1 Abstract
Given the many loci uncovered by genome-wide association studies (GWAS), polygenic scores have become central to the drive for genomic medicine and have spread into various areas including evolutionary studies of adaptation. While promising, these scores are fraught with issues of portability across populations, due to the mis-estimation of effect sizes and missing causal loci across populations not represented in large-scale GWAS. The poor portability of polygenic scores at first seems at odds with the view that much of common genetic variation is shared among populations (Lewontin, 1972). Here we investigate one potential cause of this discrepancy: phenotypic stabilizing selection drives the turnover of genetic variation shared between populations at causal loci. Somewhat counter-intuitively, while stabilizing selection to the same optimum phenotype leads to lower phenotypic differentiation among populations, it increases genetic differentiation at GWAS loci and reduces the portability of polygenic scores constructed for unrepresented populations.

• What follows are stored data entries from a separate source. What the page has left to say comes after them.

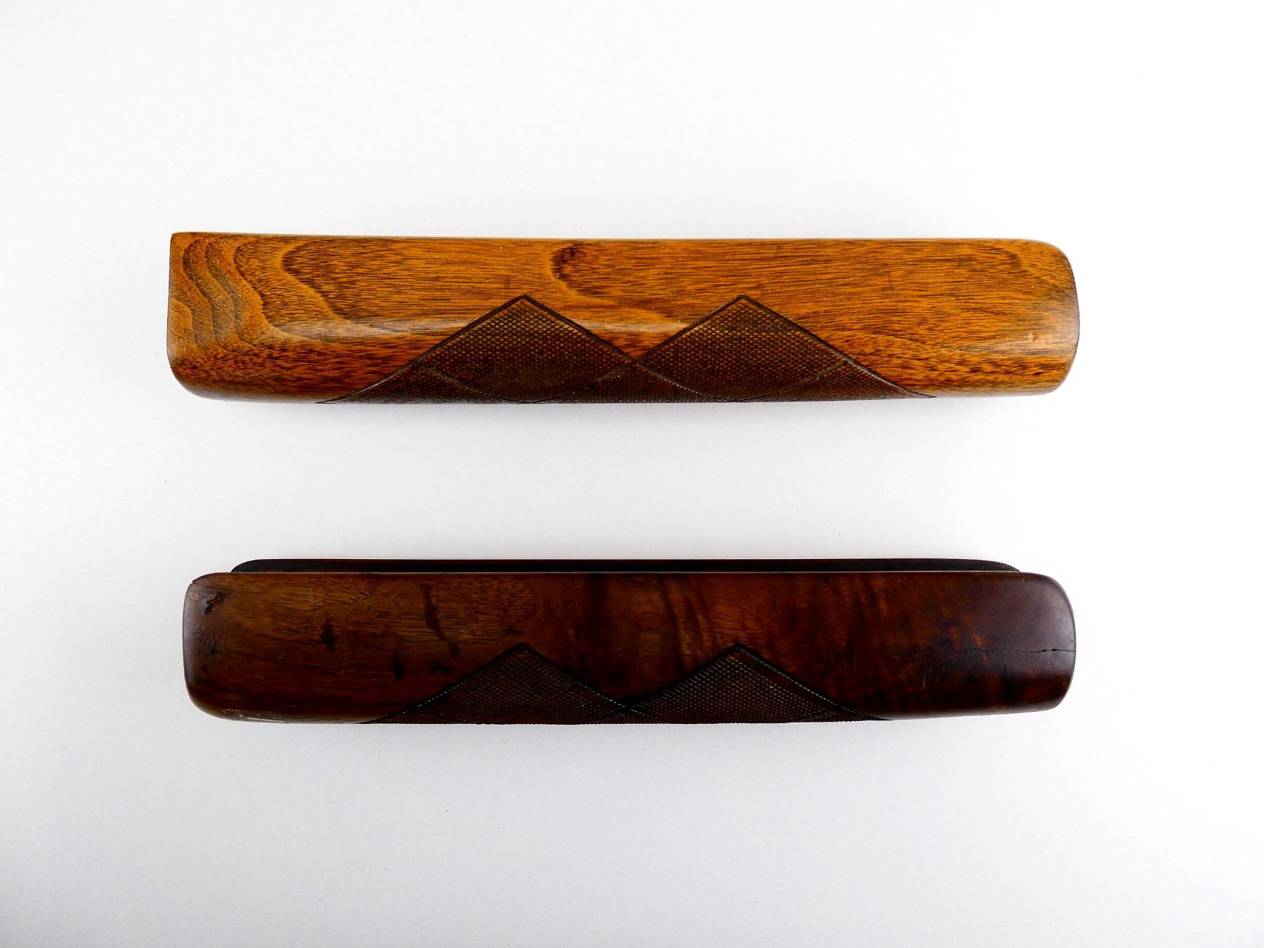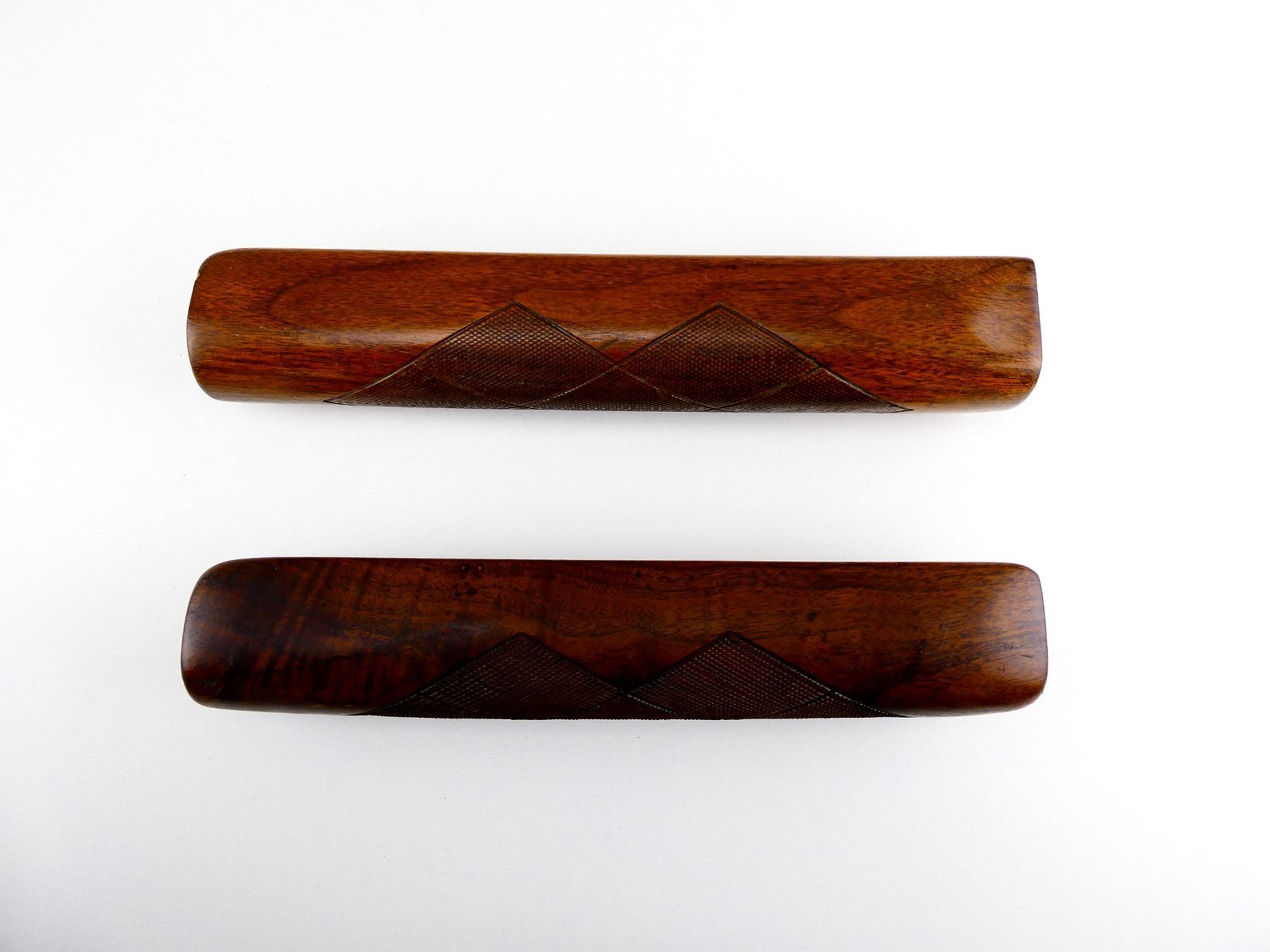 LOT INCLUDES; (1) 16 G. WOODEN FOREND, CHECKERED, OAL APPROX. 11" & (1) 12 G. WOODEN FOREND, CHECKERED, OAL APPROX. 11". MAY REQUIRE FITTING. SEE PHOTOS.
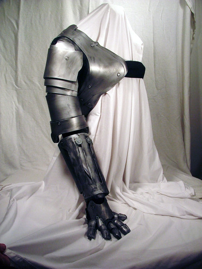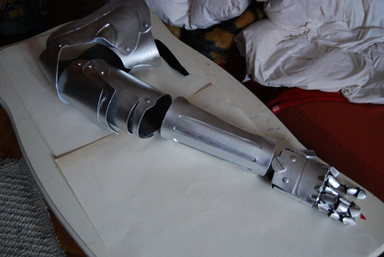 I'm actually working on the full arm right now, and all I can say is praise the Lord for hot glue guns and metallic silver craft foam paint! XD
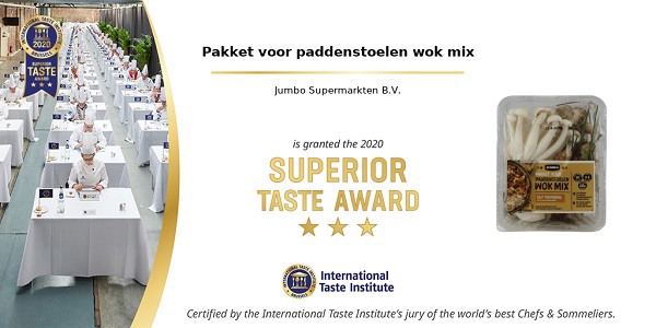 Tholen - Het pakket voor paddenstoelen wokmix van Jumbo heeft de maximale score van drie sterren gekregen van Superior Taste Award. Chefs en sommeliers komen volgens een strikte proefmethodologie tot een oordeel die 100 procent gericht is op smaak. Drie sterren is daarbij de hoogste score. Ook de verschillende kleuren Sweet Palermo van Rijk Zwaan kregen awards toegewezen.
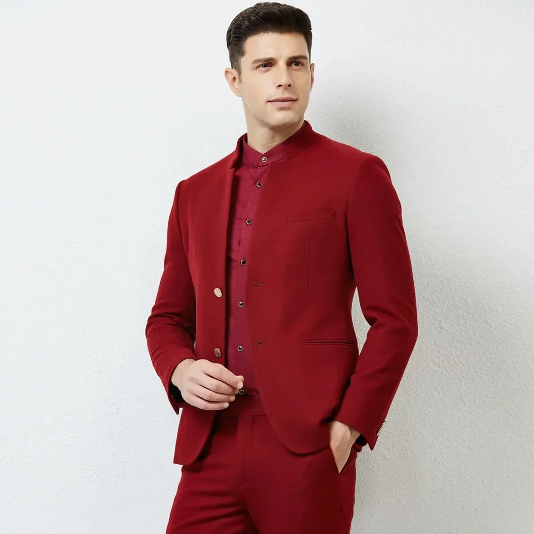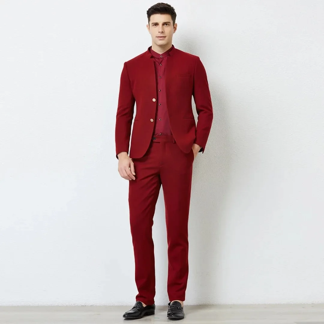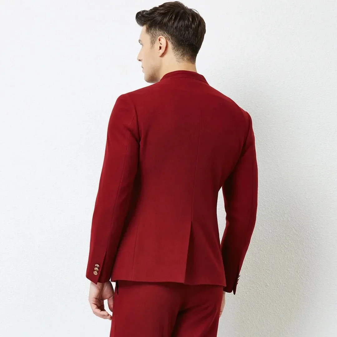 Two Pieces High Quality Men's Slim Haute Couture Red Single-Breasted Wedding Suit Jacket Men's Stylish Red Coat

We also find that stabilizing selection can lead to potentially misleading signals of the differentiation of average polygenic scores among populations. We extend our baseline model to investigate the impact of pleiotropy, gene-by-environment interactions, and directional selection on polygenic score predictions. Our work emphasizes stabilizing selection as a null evolutionary model to understand patterns of allele frequency differentiation and its impact on polygenic score portability and differentiation.
Competing Interest Statement
The authors have declared no competing interest.